Training-Free Lexical-Dense Fusion for Conversational-Memory Retrieval

Retrieving the few past turns that answer a new query across long multi-session histories is the retrieval bottleneck behind long-term conversational memory (LoCoMo, LongMemEval). Recent concurrent work, Nano-Memory, shows that scoring a session by the maximum query-turn similarity (late interaction, "Turn Isolation Retrieval") beats mean-pooled session embeddings. We do not claim that effect; we replicate it and ask what a training-free, CPU-only retrieval stage should add around it. We report four findings. (1) Fuse: score-level fusion of the late-interaction dense score with BM25, under a single leave-one-conversation-out weight, adds +8.8 to +17.2 points of LoCoMo Hit@1 over late interaction alone across six encoders (all p<1e-4), reaching Hit@1 0.752 / NDCG@5 0.829 (e5-large-v2), +11.2 pp over BM25. (2) An off-the-shelf web-search cross-encoder reranker over the fused top-10 hurts here, degrading Hit@1 by 6.9 pp (one reranker, one configuration). (3) A pooling-operator ablation shows top-k late interaction matches max-similarity, but a naive smooth-max (log-sum-exp) collapses for half the encoders. (4) The late-minus-early gap is large for all six encoders and tends to be larger for larger ones, while the marginal fusion gain shrinks; on LongMemEval-S, a lexical regime where BM25 saturates, the net fusion gain over BM25 is small and not significant. A per-category analysis frames the gain as a division of labor: dense late interaction helps most on multi-hop and temporal questions but trails BM25 on adversarial ones. The contribution is a controlled, reproducible account of a strong training-free retrieval recipe, not the late-interaction retriever itself (Nano-Memory's). We make no claim to a complete memory architecture; this is a retrieval-stage study.

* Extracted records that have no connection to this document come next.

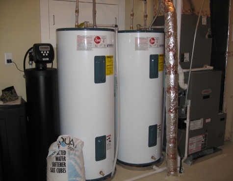 Madison Custom Homes Inc. builds custom luxury homes in Central Indiana. We present a gallery of infrastructure details, such as this utility room with water softener and dual water heaters, a standard feature in all custom homes we build.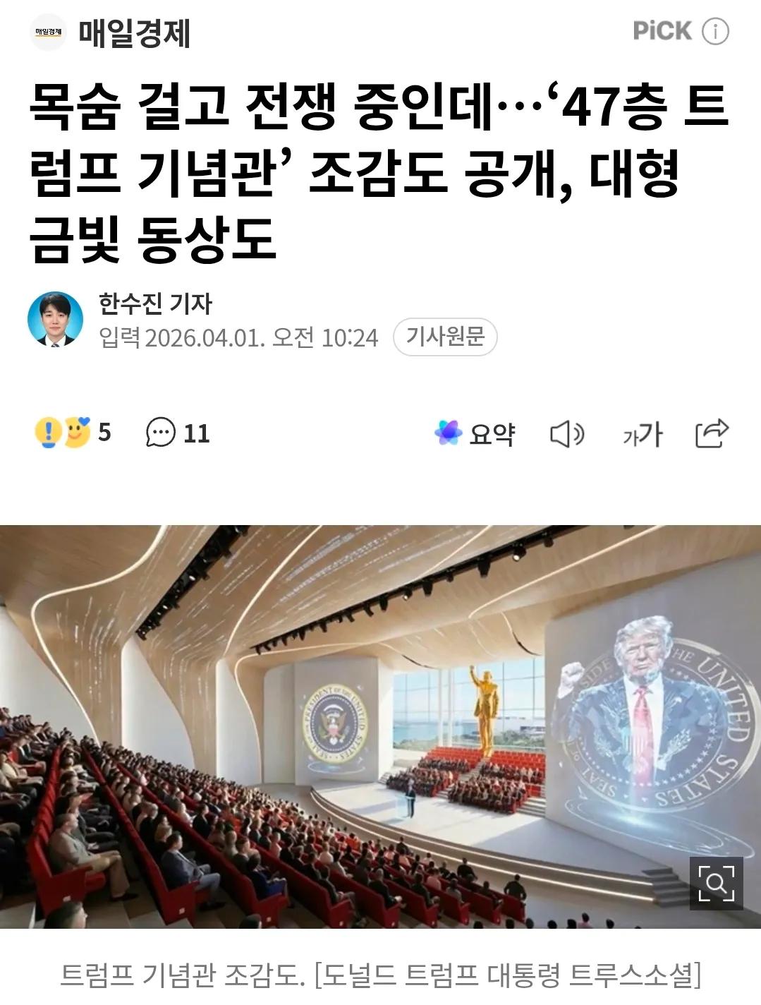 국제초호화 건물 금빛 동상 '떡'..'선 넘는' 셀프 우상화 6 + |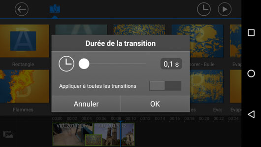 Mieux : la durée de la transition est paramétrable entre 0,1s et 4 secondes. Et on peut décider d'appliquer le changement à une seule des transitions ou à l'ensemble. Qui eût cru que sur une application mobile, cette souplesse serait proposée ? On apprécie. Je vous conseille les transitions les plus discrètes telles que le A/B (fondu-enchaîné) ou le flou de transition. Sinon, d'autres transitions plus ostentatoires sont aussi proposées (Flash, Flamme, Rotation, etc.). On remplace une transition par une autre, très facilement dans la mesure où la dernière transition choisie est celle qui est prise en compte. Notez enfin que 80 transitions sont disponibles avec le Premium. |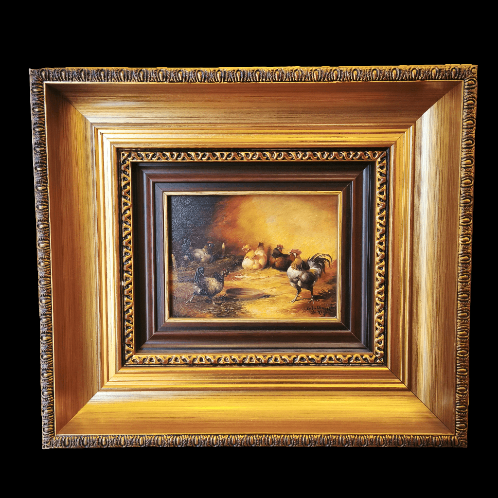 Óleo sobre madela del pintor chileno, nacido en Santiago, Aristodemo Lattanzi Villela (1952). En esta obra vemos unas gallinas reunidas junto a un plato en su gallinero, capturadas con un hermoso trabajo de la luz. La obra, con la temática tan reconocible de este artista, tiene un elegante marco de madera, con bordes tallados en relieves, y terminado en dorado.

翻译：跨多会话长历史中检索回答新查询的最近几轮对话，是长期对话记忆（LoCoMo, LongMemEval）中的检索瓶颈。近期并行工作Nano-Memory表明，通过最大查询-对话轮次相似度（后期交互，"轮次隔离检索"）对会话评分优于均值池化会话嵌入。我们并非声称该效应，而是复现该结果并探究无训练、仅CPU的检索阶段应如何增强该方案。我们报告四项发现：（1）融合：在单次留一对话验证权重下，对后期交互稠密得分与BM25进行分数级融合，在六个编码器上相比单纯后期交互提升LoCoMo的Hit@1指标8.8至17.2个百分点（所有p<1e-4），达到Hit@1 0.752 / NDCG@5 0.829（e5-large-v2），相较BM25提升11.2个百分点。（2）在融合后Top-10结果上使用现成网络搜索交叉编码器重排序会导致性能下降，Hit@1降低6.9个百分点（单重排序器、单一配置）。（3）池化算子消融实验表明，Top-k后期交互与最大相似度匹配，但朴素平滑最大值（对数-求和-指数）在半数编码器上失效。（4）六个编码器的后期-前期差距均较大，且更大编码器通常差距更大，而边际融合增益却缩小；在LongMemEval-S（BM25饱和的词汇预测场景）上，相比BM25的净融合增益微小且不显著。按类别分析将增益归因于分工：稠密后期交互在多跳和时序问题上效果最优，但在对抗性问题上落后于BM25。本文贡献在于提供一种可控、可复现的强效无训练检索方法报告，而非后期交互检索器本身（属于Nano-Memory的贡献）。我们未声称构建完整记忆架构，本研究仅限于检索阶段。